What is a Group? A "Group" contains Databases and Projects and controls access to all content within.
You control access to your Group(s), and who is a member of your group. You can also belong to multiple Groups (i.e. collaborators).

This step is optional. You can also use your default/existing group.

Create a Database for Your Analysis

FAQ

What is a Database? A "Database" contains Tracks, Lists, Sample Sets, Samples, and Files.
Each Database can be associated with a reference genome.

This step is required.
You can leave "Species" and "Version" blank, as those fields are not used by exceRpt.
You can also leave "Reference Sequence" as "** User Will Upload **" - exceRpt uses its own reference files, so it doesn't need to consult your Database's reference sequence.
You will receive a warning message when creating your Database - just ignore this warning and proceed.

Upload your Data File(s)

FAQ

What types of files can be uploaded? The exceRpt Small RNA-Seq Pipeline accepts archives containing one or more single-end FASTQ/SRA file(s) as input.
Your input files for the job MUST be compressed or else the tool will reject your job.
Each submitted archive can contain multiple FASTQ/SRA files,
and within those archives, each FASTQ/SRA can also be compressed.

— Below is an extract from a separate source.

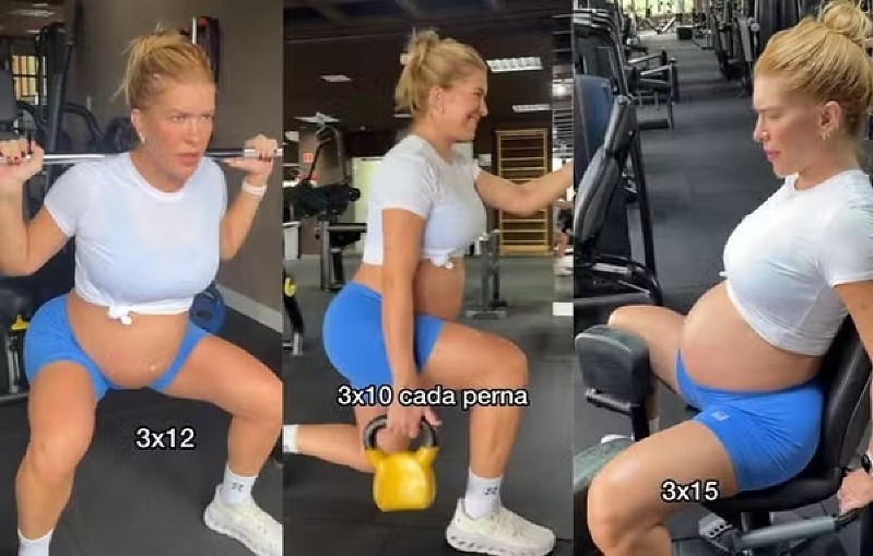 Em vídeo publicado em seu perfil, a dançarina apareceu realizando exercícios como agachamento, cadeira adutora e abdutora, além de caminhada na esteira, sempre com o barrigão à mostra. A trilha sonora escolhida foi a música "Academia", hit do marido.

Step-by-step Instructions for Setting Up Your exceRpt small RNA-Seq Data Analysis

  1. Drag one or more archives containing single-end FASTQ or SRA files to the Input Data panel. The input file(s) must be compressed.
    Each FASTQ/SRA file can also be compressed inside these archives.
    Check out the Notes below for more info on preparing your input data files.
  2. Drag a Database to the Output Targets panel to store results.
  3. Select Transcriptome » Analyze Small RNA-Seq Data » exRNA Data Analysis » exceRpt small RNA-seq Pipeline from the tool menu.
  4. Fill in appropriate details in the Tool Settings dialog box. See Tool Settings for more details.
  5. Submit your job. You will receive several emails as we process your samples.
    • First, you will receive an email about your exceRpt small RNA-seq Pipeline (New, Customized Endogenous Engine) Batch Submission job.
      This email just lets you know if your samples were successfully submitted for processing.
    • Second, you will receive one or more emails about your Run exceRpt on Single Sample job(s).
      You will receive an email for each sample submitted, and those emails will let you know which samples were processed successfully.
      If you selected the "Suppress Individual Sample Emails" option, you will not receive these emails.
    • Third, you will receive an email about your Generate Summary Report for exceRpt Results job.
      This email lets you know if post-processing on your samples was performed successfully.
    • Fourth, you will receive an email about your ERCC Final Processing job.
      This email will give you a brief summary report about the different jobs above.
  6. Download the results of your analysis from your Database. The results data will end up under the exceRptPipeline_v4.6.2 folder in the Files area of your output Database.
    • Within that folder, your Analysis Name will be used as a sub-folder to hold the files generated by that run of the tool.
    • In order to see the results for a particular sample, open the sub-folder corresponding to that sample.
    • If you selected the "Upload Full Results" option, you will see a results .zip that will contain all result files from your exceRpt run, including any full alignment .bam files.
      • Click on the results archive (.zip) in the Data Selector panel.
      • Select the link Click to Download File from the Details panel to download the results archive.
    • The .stats file will contain the read counts mapped at various stages of the exceRpt mapping process.
    • Open the CORE_RESULTS sub-folder to download the CORE_RESULTS archive (.tgz). This archive contains the most important files from your exceRpt run.
      • This archive is usually all you need from a given exceRpt run and is much smaller than the full results archive (.zip) since it doesn't contain full alignment .bam files.
      • The CORE_RESULTS archive will be decompressed in the CORE_RESULTS folder on the Workbench for your convenience.
    • Finally, under the Analysis Name folder, you will also find a sub-folder named postProcessedResults_v4.6.3 that contains post-processing results and plots for all of your submitted samples.
      • These files are described in further detail below.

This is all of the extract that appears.